Key aspects such as the primary bevel angle, grind type, blade depth, blade thickness, length, weight are detailed, along with balance information.

The 'Balance relative to the front of the handle' tells you if the knife will feel front heavy, or if the weight is in your hand (a positive value means the weight is forward of the front of the handle). The 'Balance relative to the centre of the handle' indicates how close to a 'neutral balance' the knife has in the hand.

In the case of full convex grinds the approximate centre of the grind is used for the primary bevel angle estimate..

The blade is made from CPM S30V.








Explained by the Maker:






_The reasons for certain design choices may not be clear when simply looking at an object, so this section is intended to give an insight into the thinking behind a design by speaking to the designer themselves._

Ed Schempp spent time with me going over the fundamentals of the design at SHOT Show 2015, but as a follow-up I sent over a marked up image, to go over the details.

Many thanks go to Ed for taking the time to explain the details of the design to me.






Though not quoting Ed directly, the following is an explanation of how the final design was arrived at and a few insights into the design process.

As mentioned in the introduction, Ed’s priority in the design was to convey an ethnic American Bowie, but this design was also influenced by the German short hunting sword.
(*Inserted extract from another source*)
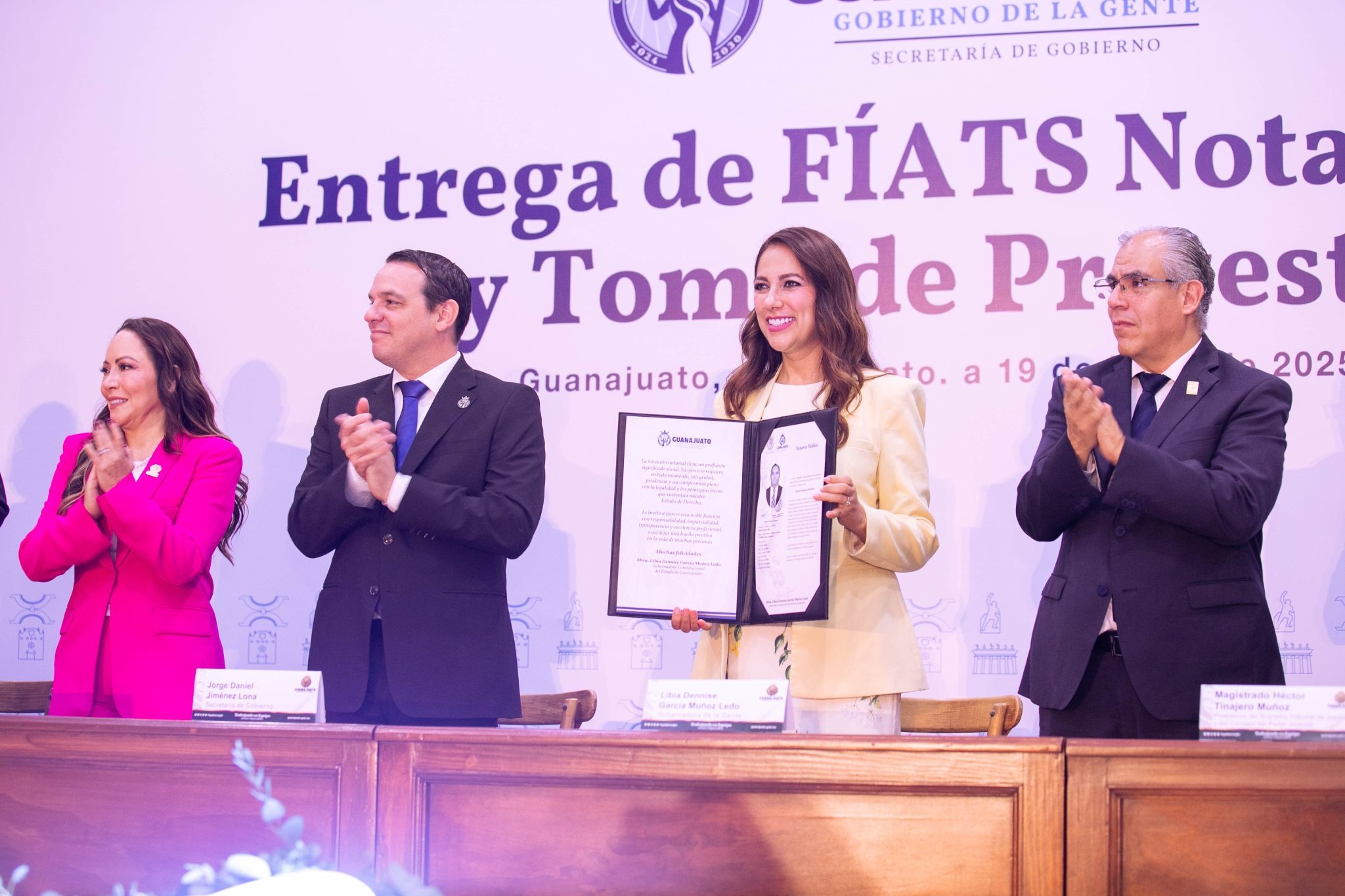 La Gobernadora Libia Dennise García Muñoz Ledo entregó FÍATS notariales y tomó protesta a quienes aprobaron el examen de oposición. Guanajuato se consolida como referente nacional en transparencia y certeza jurídica.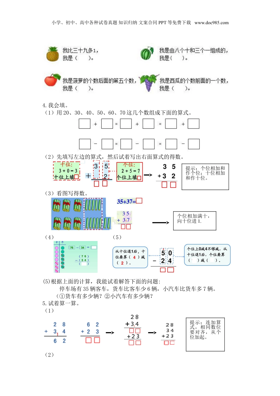 小学、初中、高中各种试卷真题知识归纳文案合同PPT等免费下载www.doc985.com一走进图形世界1.数一数。2.用6个完全相同的可以拼成一个什么图形?自己试一试。3.把三角形的一条边去掉,是什么图形呢?(提示:这样的图形我们把它叫做角,如下图。)(1)下面图形,是角的在()里打∨,不是角的打×。(2)认识下面的角吗?我能在下面拼成的角中找到直角、锐角和钝角。(3)试着在下面的方格纸上用三角尺画出两个不同的直角。(4)拿一张长方形纸,先上下对折,再()对折可以得到直角。4.哪个图是小兰看到的?在正确的下面打“∨”。小学、初中、高中各种试卷真题知识归纳文案合同PPT等免费下载www.doc985.com5.它们看到的数字分别是几?【答案】1.464322.3.角(1)∨××∨(2)锐钝锐钝直(3)(4)44.5.245二数与加减法1.填一填。2.想一想,□里填几。3.下面的水果代表的是哪个数呢?小学、初中、高中各种试卷真题知识归纳文案合同PPT等免费下载www.doc985.com4.我会填。(1)用20、30、40、50、60、70这几个数组成下面的算式。(2)先填写左边的算式,然后试着写出右面算式的得数。(3)看图写得数。(4)(5)(5)根据上面的计算,我能试着解答下面的问题:停车场有35辆客车,货车比客车少6辆,小汽车比货车多7辆。(①货车有多少辆?②小汽车有多少辆?5.试着算一算。(1)(2)个位相加满十,向十位进1.提示:个位相加和作个位;十位相加和作十位。提示:连加算式,相同数位要对齐,从个位加起。小学、初中、高中各种试卷真题知识归纳文案合同PPT等免费下载www.doc985.com(3)【答案】1.456102.50、80、1003.408345824.(1)20+70=30+60=40+5070-60=50-40=30-2070-50=60-40=50-3070-40=60-30=50-20(2)373767(3)7272(4)424226104(5)35-6=29(辆)29+7=36(辆)5.(1)85628585(2)194519(3)704242704270三分类、量与计量1.分一分。(1)按形状分并涂一涂。(2)按点数分。2.填一填。50角=()元25角=()元()角4元+1元2角=()元()角6角+5角=()角=()元()角3.我会填。(1)很久以前,人们常用身体的一部分作为测量长度的单位。提示:连减算式,相同数位要对齐,从个位减起。提示:加减混合算式写成一个竖式时,也是把相同数位对齐。小学、初中、高中各种试卷真题知识归纳文案合同PPT等免费下载www.doc985.com(2)用尺子测量比较短的物体,常用“厘米”作单位。(厘米用“cm”表示)在直尺上,从0到1的长度是1厘米,从()到()也是1厘米,从()到()还是1厘米。(3)你知道下面的长度是几厘米吗?(4)测量比较长的物体,常用“米”作单位(米用“m”表示),观察下面的米尺,看看1米里有多少个1厘米?1米=()厘米或1m=()cm(5)我认识线段并会画线段。(6)画3厘米长的线段的方法:我也试着画出一条4厘米长的线段。(7)数一数,下面的图形各有几条线段。提示:线段是直的,有两个端点。小学、初中、高中各种试卷真题知识归纳文案合同PPT等免费下载www.doc985.com(8)1食指的宽度大约是1厘米,米尺的长度是1米,请你选择合适的单位“厘米”、“米”填空。4.我会看时间。(1)分针走1个小格,就是1分钟,走5个小格就是()分钟,也就是1个大格。填出右图中分针走过的时间。(2)分针走半圈(6个大格)就是30分钟,也就是()半小时;走1整圈也就是走12个大格是()小时,也就是60分钟,所以1小时=()分钟。(3)我会写出下面的时刻。(4)试着写出下面钟面上的时刻。5.新闻联播晚上()时整开始,要播放30分,()时()分结束。提示:走几个大格就是走几个5分钟。小学、初中、高中各种试卷真题知识归纳文案合同PPT等免费下载www.doc985.com【答案】1.4454452.5255265653.(2)12334(答案不唯一)(3)457(4)100100(6)略(7)434(8)厘米米厘米4.(1)51020354555(2)半160(3)4:054:304:45(4)7:307:408:005.77时30分四表内乘法1.小火车里共有多少个人?每节小火车有()人,坐了()节,求一共有多少人,就是求6个()连加的和,列式是()。思考:这几个算式的加数都()。这种加数相同的加法,还可以用乘法表示。乘法算式:4×6=24读作:4乘6等于24或6×4=...

Ed wanted to produce a piece that was a coffin handled, clip point, "S" guarded Bowie.

Ed, like many US custom makers, introduces many ergonomic aspects into his designs and is very personally connected with this ethnic piece.

In line with his design principles, Ed generally drops the angle of the blade and develops the grip accordingly. This is done for the ergonomics of cutting, control and torsion. Ed refuses to design what he terms a "sharpened tent stake".


Starting with the size of the blade (A), this has been maximized for the length of blade that can fit into the handle, along with as much cutting edge as could be accommodated by the handle.

When he designed the piece he actually made 4 different sizes to try and gauge a preference in size for the design. These prototypes ranged from a 3 inch blade to a 5 inch blade. In the end Spyderco chose the size they considered to be the best match for the most number of users.

The clip point, (B) is iconic to the ethnic version Ed was striving to attain. The clip was made slightly more than half the overall length to make it a significant feature. A flat grind was chosen as it has more material left in the blade and is therefore stronger. Flat grinds are one of Eds preferred blade grinds and are used in the majority of his designs.

As part of the ethnic design, to define the "S" shaped cross-guard there is a curved transition in the bolster (C) from the ricasso that rises up to the pressure ramp (E). The pressure ramp keeps the hand from slipping forward in use, giving additional control and power during cutting. The traditional Bowie knife is usually double guarded, so this ramp is part of the ethnicity of the piece.

Due to the Spyderco specifications, the hole had to be about 1.1 inches from the pivot. The hole has to nest into the handle, and yet offer easy access (L).







This meant there was minimal room for a specific finger choil, instead the area under the bolster is curved (D) allowing your grip to move forward and choke up on the blade.







The blade tip height (F) is closely related to the rake (I) used in the design. This is distinctive Ed Schempp styling as he finds a knife with this much negative rake more comfortable and more ergonomic in use. It begins to align the edge with the major forearm bones, reducing fatigue when using the knife for long periods, and lets the blade get good purchase on the medium to be cut without making the wrist force the edge down. The rake angle chosen (I) is an angle that Ed prefers as in a normal grip it brings the edge square to the cut, and keeps the blade from sliding away from the medium you are cutting.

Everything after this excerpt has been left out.